The plan of reorganization in the bankruptcy case, providing for the sale of Uptown Tower and treatment of claims, was confirmed in July 2024. We sold Uptown Tower in July 2025 for a purchase price of $20 million, or $17.3 million after deductions, closing costs and commissions and reimbursements to the seller, and paid off the American Bank, N.A. indebtedness. We are holding approximately $13.6 million of the sale proceeds representing funds Whitestone OP mistakenly paid to the prior mortgage lender for Uptown Tower when it attempted to pay off the mortgage loan without informing us and without authority to do so on Whitestone Uptown Tower, LLC’s behalf. We are currently disputing the treatment and timing of repayment of the $13.6 million to Whitestone OP in the Whitestone Uptown Tower bankruptcy case.

 

This litigation has been and is expected to continue to be expensive, lengthy, and disruptive to normal business operations. Moreover, the results of these proceedings are difficult to predict.

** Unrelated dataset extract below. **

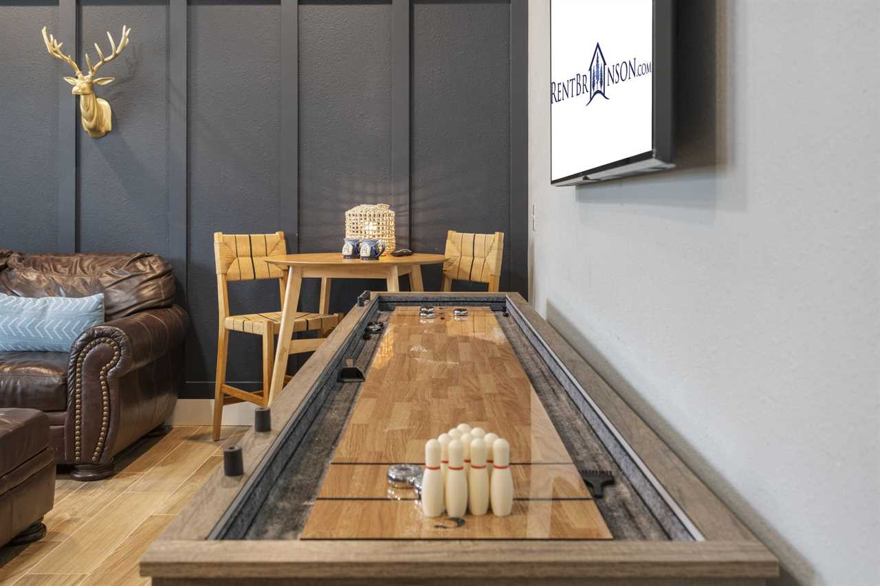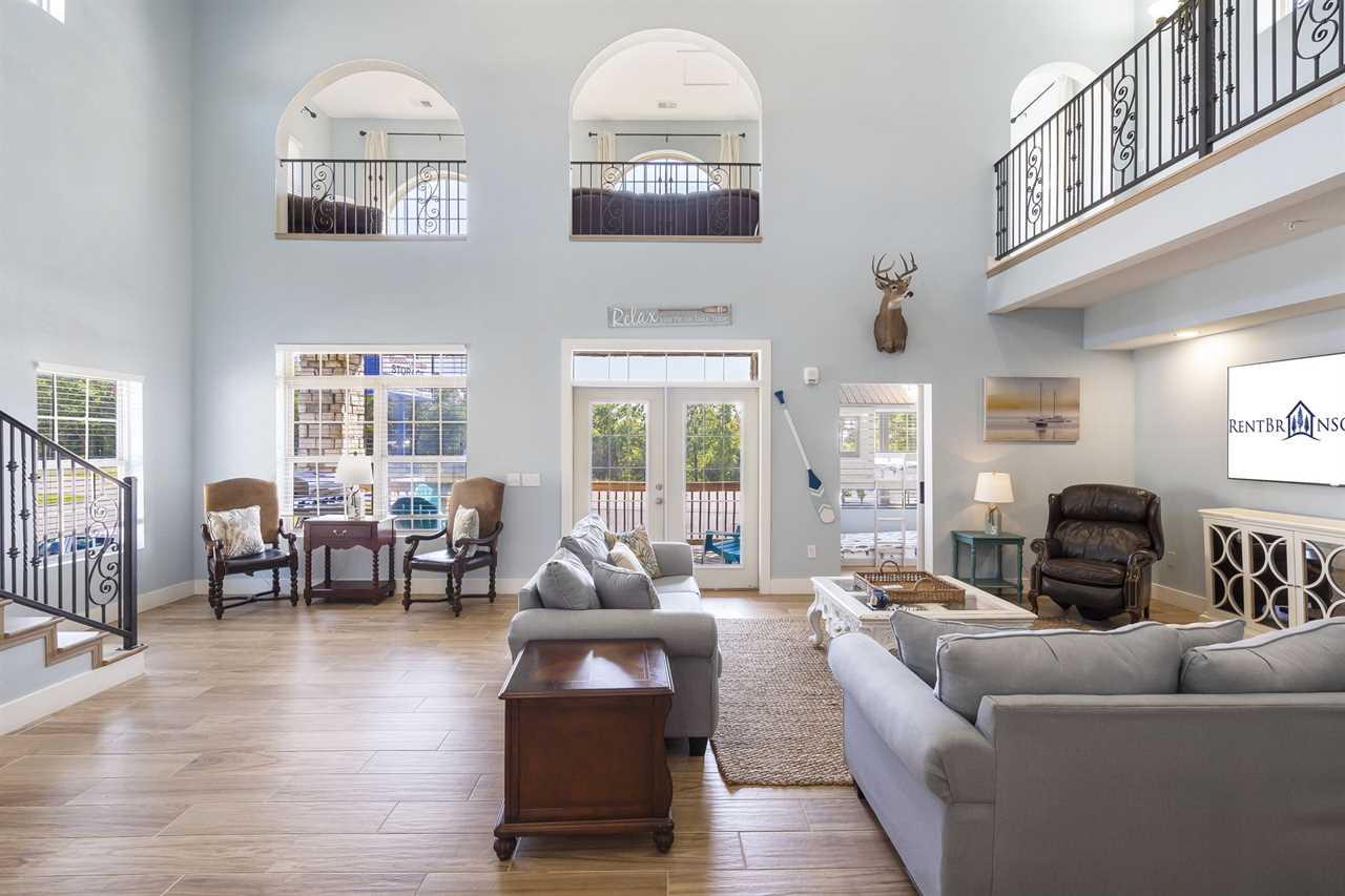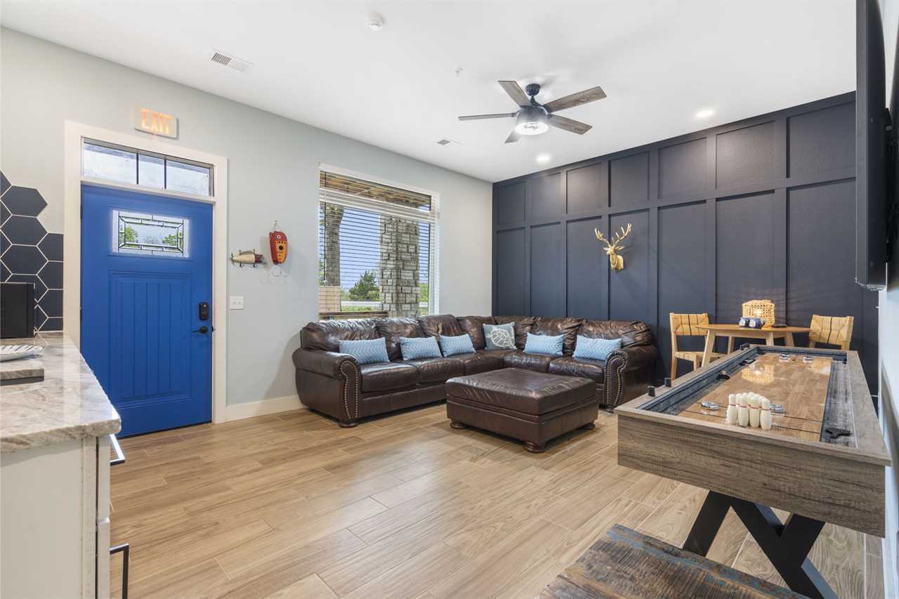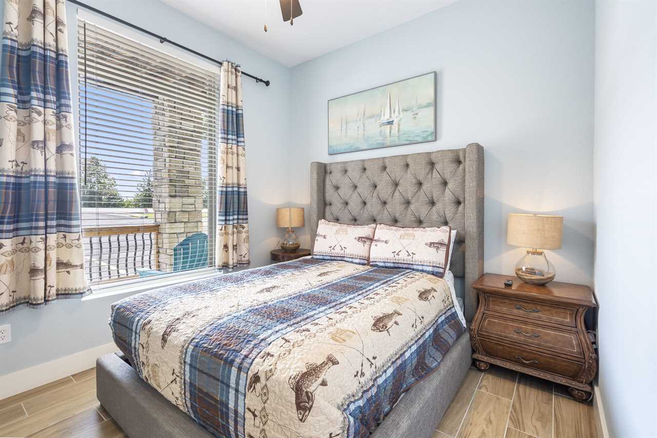 Arriving at State Park Marina Stern, you will have ample parking including space for a boat! Behind a privacy fence is your very own private hot tub! Upon entering the first floor, you are greeted by a kitchenette, ideal for keeping your favorite snacks within arm's reach. The oversized couch is perfect for an unforgettable movie night or enjoy a friendly game of shuffleboard. Retreat to the comfort of the bedrooms for a great night's sleep. This level boasts two queen-sized bedrooms, each with its own ensuite bathroom.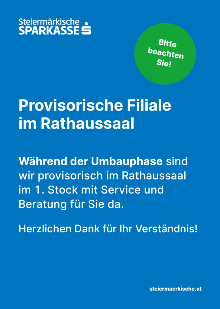 Provisorische Filiale der Stmk. Sparkasse ab 1.4.2026 im Rathaussaal im 1. Stock

The registrant believes that the allegations in the Delaware lawsuit are without merit and intends to continue to vigorously defend against them. In addition, we intend to vigorously pursue the Texas action to seek damages from Whitestone due to its violations of the management agreements and fiduciary duties and to protect our shareholders from the further harms that Whitestone has indicated it intends to inflict on us and our shareholders. However, the outcomes of these lawsuits, including the timing of the final disposition of the lawsuits, are unpredictable and could result in substantial costs to us. As a result, future adverse rulings, settlements, or unfavorable developments could result in charges that could have a material adverse effect on the registrant’s business, results of operations or financial condition.

 

Following the period covered by this report, we sold Real Estate Assets under the Whitestone Uptown Tower, LLC plan of reorganization and the plan of liquidation for the other Pillarstone entities.

 

In October 2024, we sold 9101 LBJ Freeway for a purchase price of $5,753,000, or approximately $5.1 million after deductions, closing costs and commissions.

 

In October 2024, we sold Interstate 10 Warehouse for a purchase price of $8,400,000, or approximately $8.1 million after deductions, closing costs and commissions.

 

F- 34

 

In February 2025, we sold Corporate Park Woodland II for a purchase price of $1,650,000, or approximately $1.56 million after deductions, closing costs and commissions.

 

In July 2025, we sold Uptown Tower for a purchase price of $20,000,000, or approximately $17.3 million after deductions, closing costs and commissions.

 

In July 2025, in a series of related transactions, we sold:

 

 

Corporate Park Northwest for a purchase price of $8,500,000, or approximately $7.8 million after deductions, closing costs and commissions;

 

Holly Hall Industrial Park for a for a purchase price of $7,650,000, or approximately $7.2 million after deductions, closing costs and commissions;

 

Holly Knight for a purchase price of $4,750,000, or approximately $4.5 million after deductions, closing costs and commissions; and

 

Westgate Service Center for a purchase price of $9,100,000, or approximately $8.6 million after deductions, closing costs and commissions.